Sabato 26 marzo la stagione d'opera chiude con un fuori abbonamento dedicato al pubblico di ogni età dove anche il confine dei generi - opera, danza, musical - è estremamente sfumato: Le Streghe di Venezia. La produzione che la Fondazione Musica per Roma ha riallestito in coproduzione con Ravenna Festival, nacque alcuni anni fa quando Philip Glass scrisse le musiche di un'opera-balletto per bambini, Le streghe di Venezia, basandosi sui testi e le immagini di Beni Montresor, l'artista veronese conosciuto per la sua versatilità di scenografo, scrittore e illustratore per bambini.
Da quel primo canovaccio Philip Glass è partito per creare un nuovo arrangiamento per l'opera musicale, riproposta con un allestimento scenico che fa ampio uso della tecnologia video, arricchita dai testi di Vincenzo Cerami e la regia di Giorgio Barberio Corsetti.

La stagione di danza si apre a dicembre (4 e 5), in pieno clima natalizio, con Lo schiaccianoci, il celeberrimo balletto ambientato la vigilia di Natale a Norimberga, interpretato dal Balletto del Teatro dell'Opera della Macedonia, seguirà a gennaio l'Aterballetto di Mauro Bigonzetti che torna all'Alighieri con lo spettacolo Certe Notti incentrato sulle canzoni e le poesie di Luciano Ligabue.
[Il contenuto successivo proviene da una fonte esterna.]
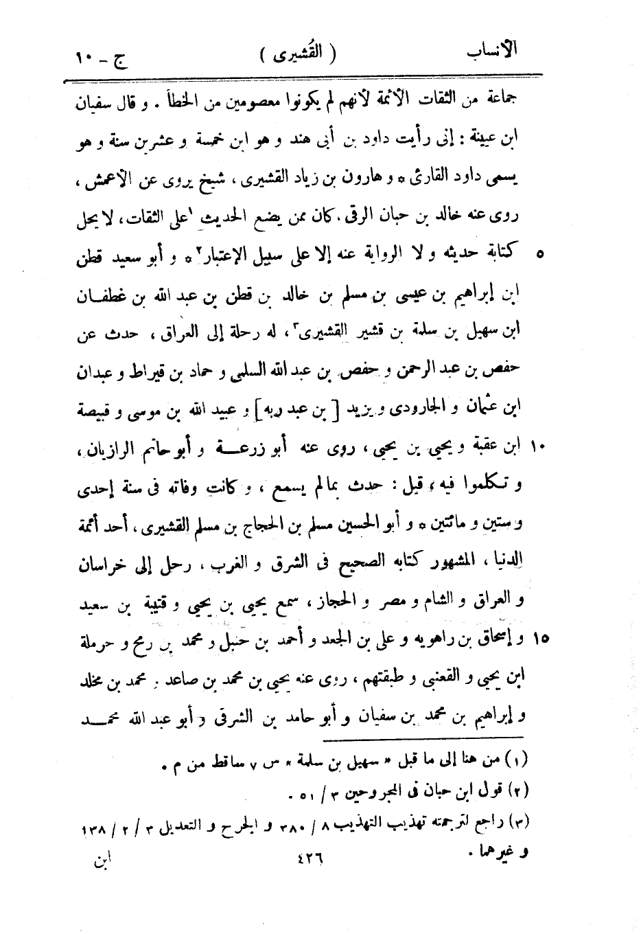 جماعة من الثقات الأئمة لأنهم لم يكونوا معصومين من الخطأ. وقال سفيان ابن عيينة: إني رأيت داود بن أبى هند وهو ابن خمسة وعشرين سنة وهو يسمى داود القارئ وهارون بن زياد القشيري، شيخ يروى عن الأعمش، روى عنه خالد بن حبان الرقى، كان ممن يضع الحديث [1] على الثقات، لا يحل كتابة حديثه ولا الرواية عنه إلا على سبيل الاعتبار [2] وأبو سعيد قطن ابن إبراهيم بن عيسى بن مسلم بن خالد بن قطن بن عبد الله بن غطفان ابن سهيل بن سلمة بن قشير القشيري [3] ، له رحلة إلى العراق، حدث عن حفص بن عبد الرحمن وحفص بن عبد الله السلمي وحماد بن قيراط وعبدان ابن عثمان والجارودي ويزيد [بن عبد ربه] وعبيد الله بن موسى وقبيصة ابن عقبة ويحيى بن يحيى، روى عنه أبو زرعة وأبو حاتم الرازيان، وتكلموا فيه، قيل: حدث بما لم يسمع، وكانت وفاته في سنة إحدى وستين ومائتين وأبو الحسين مسلم بن الحجاج بن مسلم القشيري، أحد أئمة الدنيا، المشهور كتابه الصحيح في الشرق والغرب، رحل إلى خراسان والعراق والشام ومصر والحجاز، سمع يحيى بن يحيى وقتيبة بن سعيد وإسحاق بن راهويه وعلى بن الجعد وأحمد بن حنبل ومحمد بن رمح وحرملة ابن يحيى والقعنبي وطبقتهم، روى عنه يحيى بن محمد بن صاعد ومحمد بن مخلد وإبراهيم بن محمد بن سفيان وأبو حامد بن الشرقي وأبو عبد الله محمد

Nel variegato ventaglio di proposte spicca Rhyth.mix, uno spettacolo che trasforma lo sport in spettacolo, le evoluzioni dei corpi, in danza;  Tre classici del ‘900, rilettura del Balletto dell'Esperia di 3 grandi titoli del repertorio del novecento strettamente legati a celebri composizioni musicali, chiuderà il sipario (9 e 10 aprile) di una stagione  che si era aperta con uno fra i più classici della grande epopea del balletto.
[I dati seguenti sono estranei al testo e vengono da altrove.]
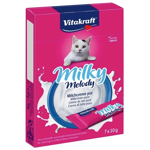 I gatti adorano Milky Melody! La deliziosa crema contiene sano latte ed è calibrata per le esigenze dei gatti, è a basso contenuto di lattosio. Molto pratico: lo snack è porzionato in confezioni singole che potete utilizzare secondo le esigenze del vostro micio. A differenza del latte per gatti, Milky Melody non deve essere conservato in frigorifero né riscaldato. Delizia cremosa al latte!

L'opportunità di ospitare grandi compagnie di fama internazionale quale il Complexions Contemporary Ballet di New York (13 febbraio, fuori abbonamento) nasce dalla rete che i teatri regionali hanno costituito assieme ad Associazione Teatri Emilia Romagna consorziandosi in Ater Danza. È così che negli ultimi anni è stato possibile avere prestigiose compagnie a costi per noi accessibili. È anche grazie a questa serie di iniziative, contributi e collaborazioni che siamo riusciti ad attuare una politica di prezzi contenuti per i biglietti, sempre attenti alle esigenze del pubblico.
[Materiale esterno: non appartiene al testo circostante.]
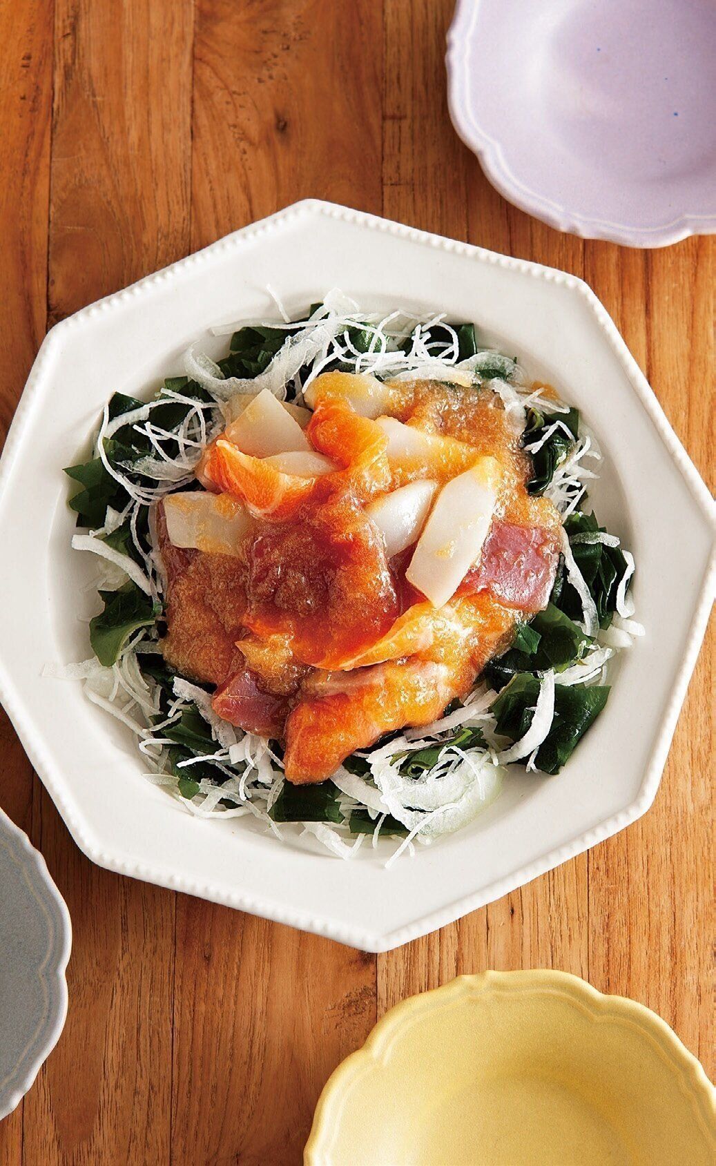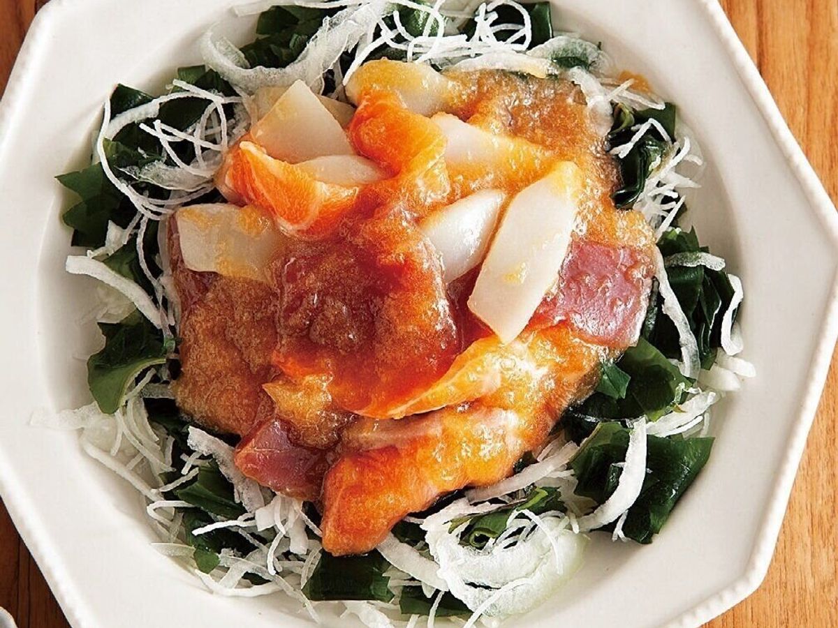 しょうゆマリネの刺し身とわかめ&玉ねぎがおいしいハーモニー。

Gli abbonamenti, sia per l'opera (4 spettacoli) che per la danza (4 spettacoli) sono suddivisi in due turni, quello serale - A - con inizio alle ore 20,30 e quello pomeridiano - B - che propone spettacoli sempre di domenica con inizio alle ore 15,30.  

Sottoscrivere l'abbonamento, oltre a garantire lo stesso posto per tutti gli spettacoli, consente di ottenere un significativo vantaggio economico, con prezzi che vanno dai 44 euro del loggione ai 140 della platea per l'opera e da 26 a 84 euro per la danza; lo spettatore può risparmiare dal 20 al 25% rispetto all'acquisto dei singoli biglietti, con tariffe ridotte per pensionati, cral aziendali ed enti convenzionati. Sempre agli abbonati è inoltre riservata la prelazione sull'acquisto dei biglietti per gli spettacoli fuori abbonamento con una tariffa speciale ridotta del 20% a cui non sarà applicata la maggiorazione del diritto di prevendita.

Grande attenzione infine è riservata al pubblico dei ‘giovani' (fino ai 26 anni) cui sono dedicate tariffe speciali sia per l'acquisto dell'abbonamento (da 30 a 75 euro per l'opera e da 20 a 60 per la danza) che per l'innovativa formula "Carnet Alighieri" grazie alla quale, con soli 48 euro (contro i 72 della tariffa intera), sarà possibile acquistare 6 biglietti per le stagioni del teatro ravennate: 2 opera + 2 danza + 2 prosa.